:: Records shown

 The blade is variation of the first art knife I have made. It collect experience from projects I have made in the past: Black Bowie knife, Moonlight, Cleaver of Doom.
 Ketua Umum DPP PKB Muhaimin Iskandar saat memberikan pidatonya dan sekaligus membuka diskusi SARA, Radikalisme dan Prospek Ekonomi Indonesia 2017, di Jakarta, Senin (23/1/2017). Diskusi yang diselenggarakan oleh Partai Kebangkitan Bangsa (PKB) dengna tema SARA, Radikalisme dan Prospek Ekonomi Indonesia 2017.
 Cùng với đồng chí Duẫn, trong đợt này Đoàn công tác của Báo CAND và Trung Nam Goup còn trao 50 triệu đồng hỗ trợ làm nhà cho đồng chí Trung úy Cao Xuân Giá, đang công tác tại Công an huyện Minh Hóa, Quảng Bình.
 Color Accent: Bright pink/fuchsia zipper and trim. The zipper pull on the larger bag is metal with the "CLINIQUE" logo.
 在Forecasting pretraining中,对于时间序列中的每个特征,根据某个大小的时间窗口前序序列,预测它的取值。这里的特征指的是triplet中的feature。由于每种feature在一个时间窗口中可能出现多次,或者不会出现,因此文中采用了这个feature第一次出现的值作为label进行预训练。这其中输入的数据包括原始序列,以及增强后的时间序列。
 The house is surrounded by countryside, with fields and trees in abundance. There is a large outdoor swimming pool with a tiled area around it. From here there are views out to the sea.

::::
:: Records shown

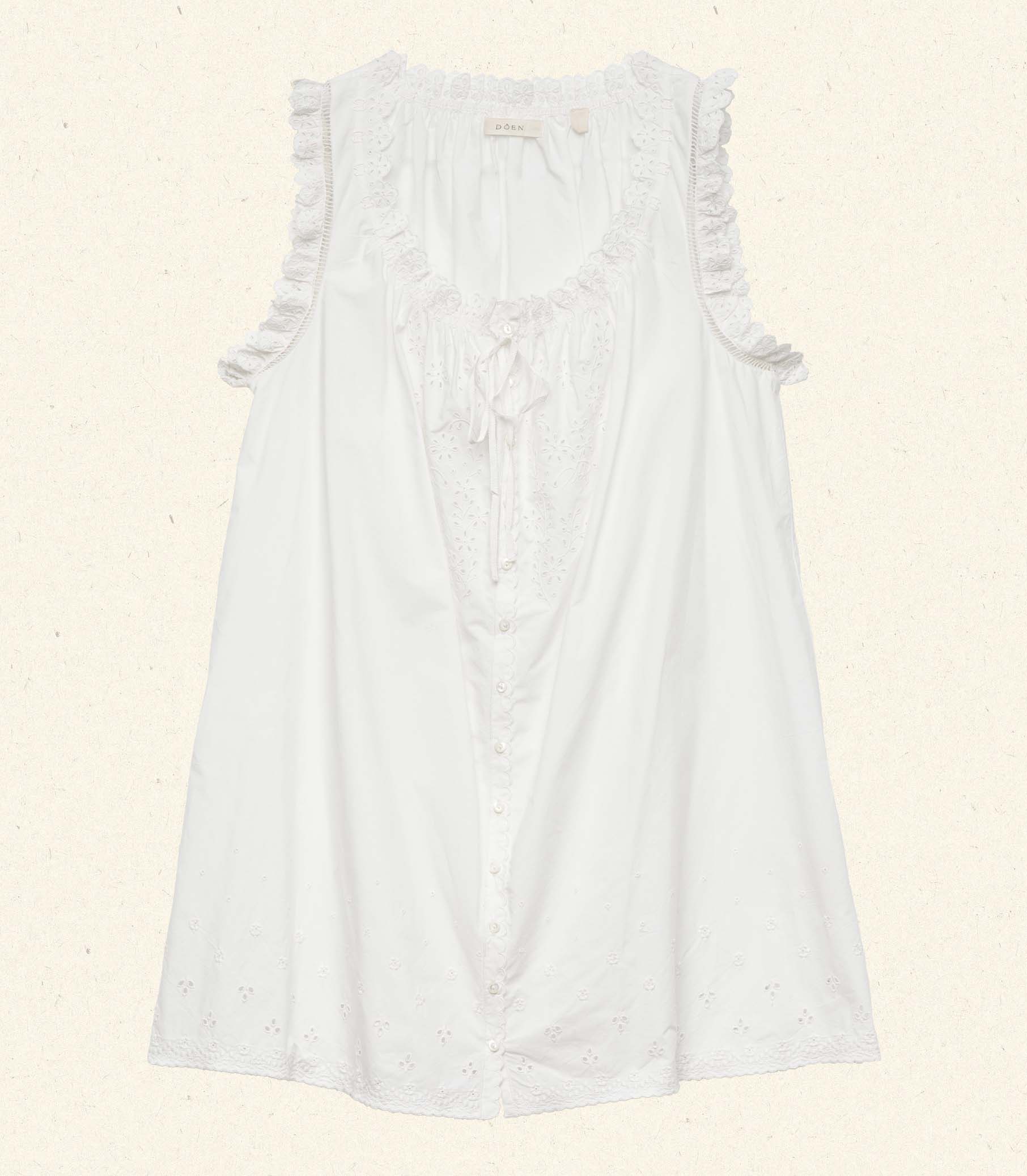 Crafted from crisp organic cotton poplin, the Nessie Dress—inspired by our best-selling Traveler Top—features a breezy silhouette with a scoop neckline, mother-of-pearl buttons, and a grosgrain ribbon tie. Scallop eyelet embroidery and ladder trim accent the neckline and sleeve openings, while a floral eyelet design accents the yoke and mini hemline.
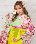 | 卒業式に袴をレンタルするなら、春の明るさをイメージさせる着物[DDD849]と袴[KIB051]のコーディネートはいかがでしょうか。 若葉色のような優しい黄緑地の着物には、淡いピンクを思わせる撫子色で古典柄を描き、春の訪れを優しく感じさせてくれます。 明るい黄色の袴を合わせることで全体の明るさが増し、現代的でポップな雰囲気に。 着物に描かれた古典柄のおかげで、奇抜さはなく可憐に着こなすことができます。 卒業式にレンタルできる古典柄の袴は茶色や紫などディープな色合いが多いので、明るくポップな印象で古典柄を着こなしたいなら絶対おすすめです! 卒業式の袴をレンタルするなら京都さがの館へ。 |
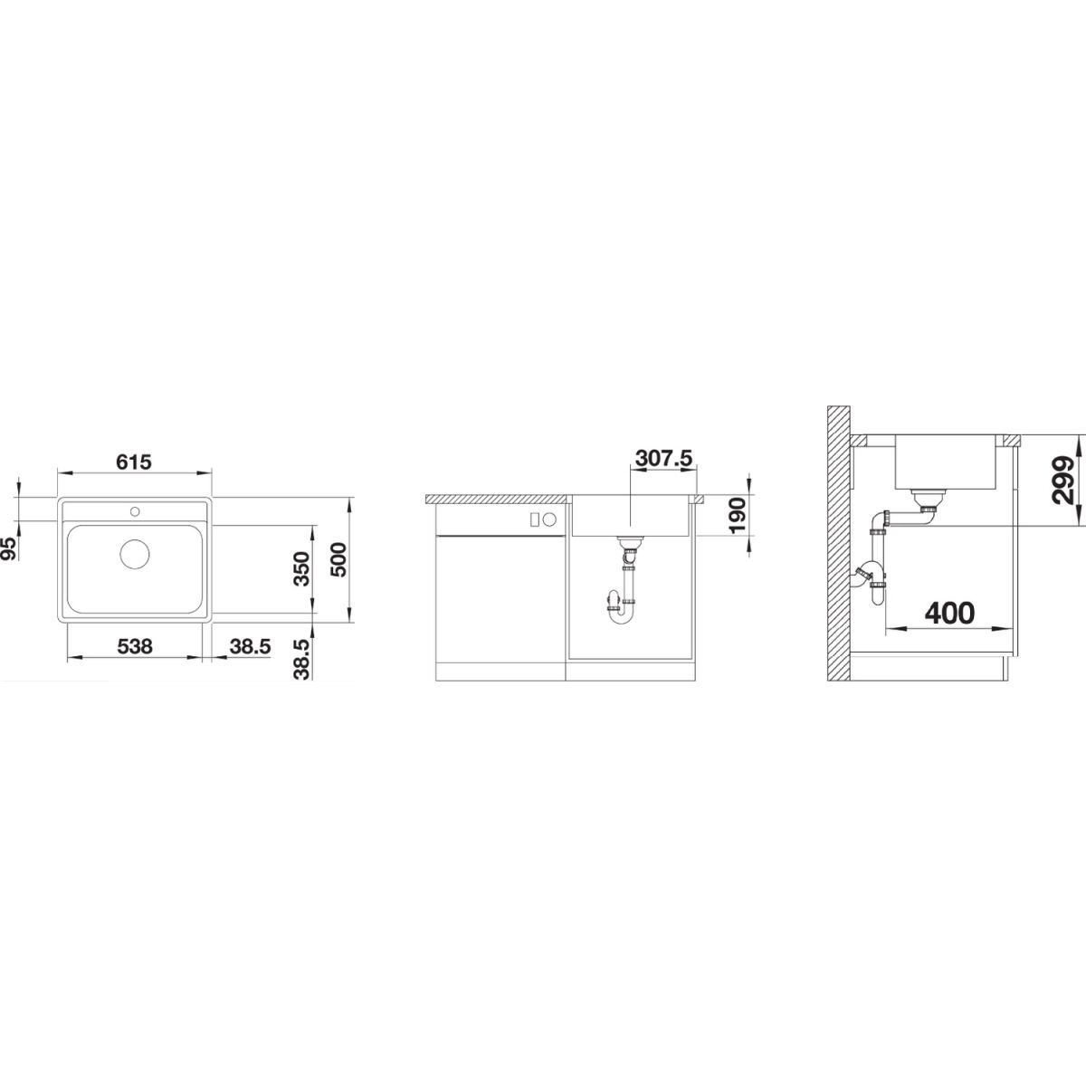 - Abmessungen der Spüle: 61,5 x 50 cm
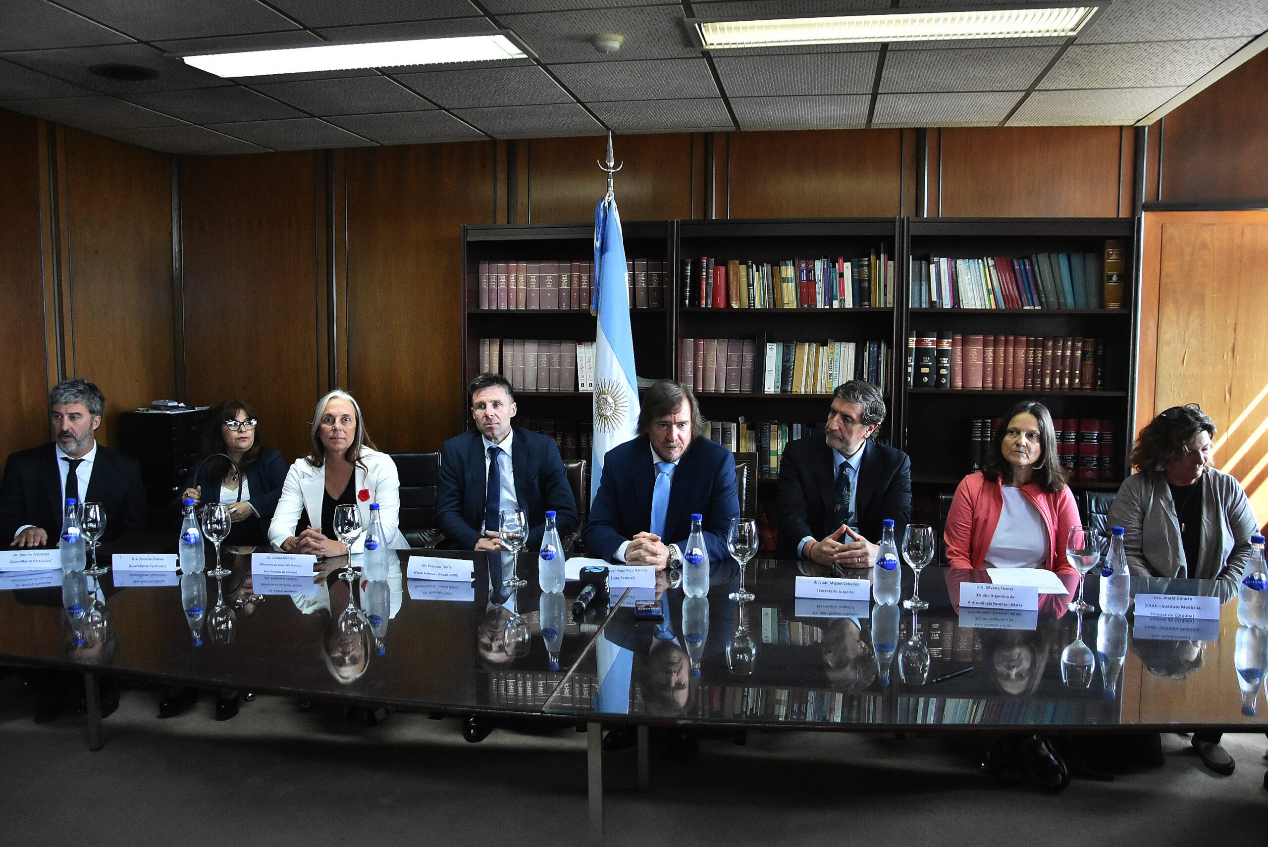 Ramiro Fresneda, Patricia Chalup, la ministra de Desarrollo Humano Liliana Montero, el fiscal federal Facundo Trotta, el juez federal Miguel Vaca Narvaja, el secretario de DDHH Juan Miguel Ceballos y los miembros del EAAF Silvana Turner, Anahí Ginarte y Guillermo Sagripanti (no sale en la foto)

::::

Problem details
Please make an exact copy of the lines above from the line with "The blade is" through the line with "Cùng với đồng", both ends included.

Answer
 The blade is variation of the first art knife I have made. It collect experience from projects I have made in the past: Black Bowie knife, Moonlight, Cleaver of Doom.
 Ketua Umum DPP PKB Muhaimin Iskandar saat memberikan pidatonya dan sekaligus membuka diskusi SARA, Radikalisme dan Prospek Ekonomi Indonesia 2017, di Jakarta, Senin (23/1/2017). Diskusi yang diselenggarakan oleh Partai Kebangkitan Bangsa (PKB) dengna tema SARA, Radikalisme dan Prospek Ekonomi Indonesia 2017.
 Cùng với đồng chí Duẫn, trong đợt này Đoàn công tác của Báo CAND và Trung Nam Goup còn trao 50 triệu đồng hỗ trợ làm nhà cho đồng chí Trung úy Cao Xuân Giá, đang công tác tại Công an huyện Minh Hóa, Quảng Bình.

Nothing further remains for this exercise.